- _YOUR ASSIGNMENT_: Every line of the material needs an exact copy, apart from the images.

- _INFORMATION SHOWN_:
___
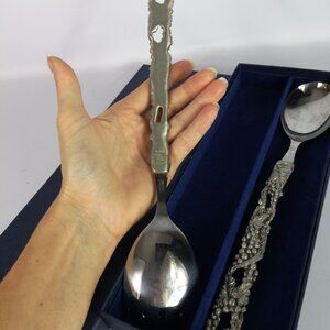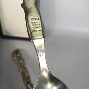 Seagull Pewter Canada Serving Set Fork and Spoon Vintage 1992 Grapevine Pattern
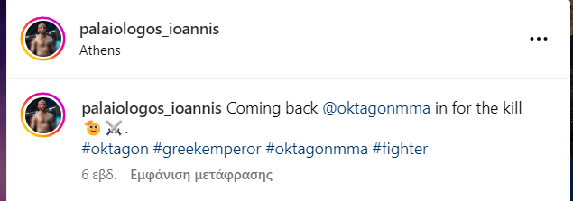 Αυτή είναι η τρίτη του παρουσία στην κορυφαία παραγωγή του ‘OKTAGON MMA’ με απόλυτο στόχο να πάρει την νίκη και όπως χαρακτηριστικά έγραψε στην ανακοίνωση της μάχης, πάει τώρα… για να «σκοτώσει»!
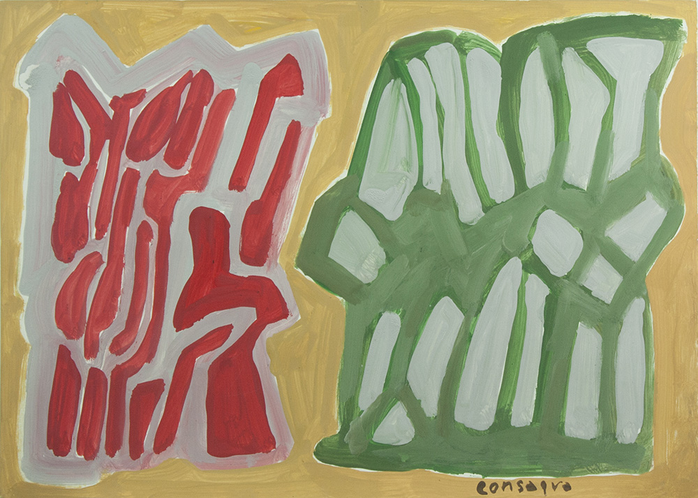 PIETRO CONSAGRA Mazara del Vallo 1920 – Milano 2005 " Fondo ocra ( due immagini ) anno 1975 olio su cartoncino dipinto a pennello 35 x 50 cm firmato in basso a destra; Archivio Pietro Consagra N.B. piccolissimo distacco di colore in alto a sinistra
___
- _TASK SOLUTION_:
 Seagull Pewter Canada Serving Set Fork and Spoon Vintage 1992 Grapevine Pattern
 Αυτή είναι η τρίτη του παρουσία στην κορυφαία παραγωγή του ‘OKTAGON MMA’ με απόλυτο στόχο να πάρει την νίκη και όπως χαρακτηριστικά έγραψε στην ανακοίνωση της μάχης, πάει τώρα… για να «σκοτώσει»!
 PIETRO CONSAGRA Mazara del Vallo 1920 – Milano 2005 " Fondo ocra ( due immagini ) anno 1975 olio su cartoncino dipinto a pennello 35 x 50 cm firmato in basso a destra; Archivio Pietro Consagra N.B. piccolissimo distacco di colore in alto a sinistra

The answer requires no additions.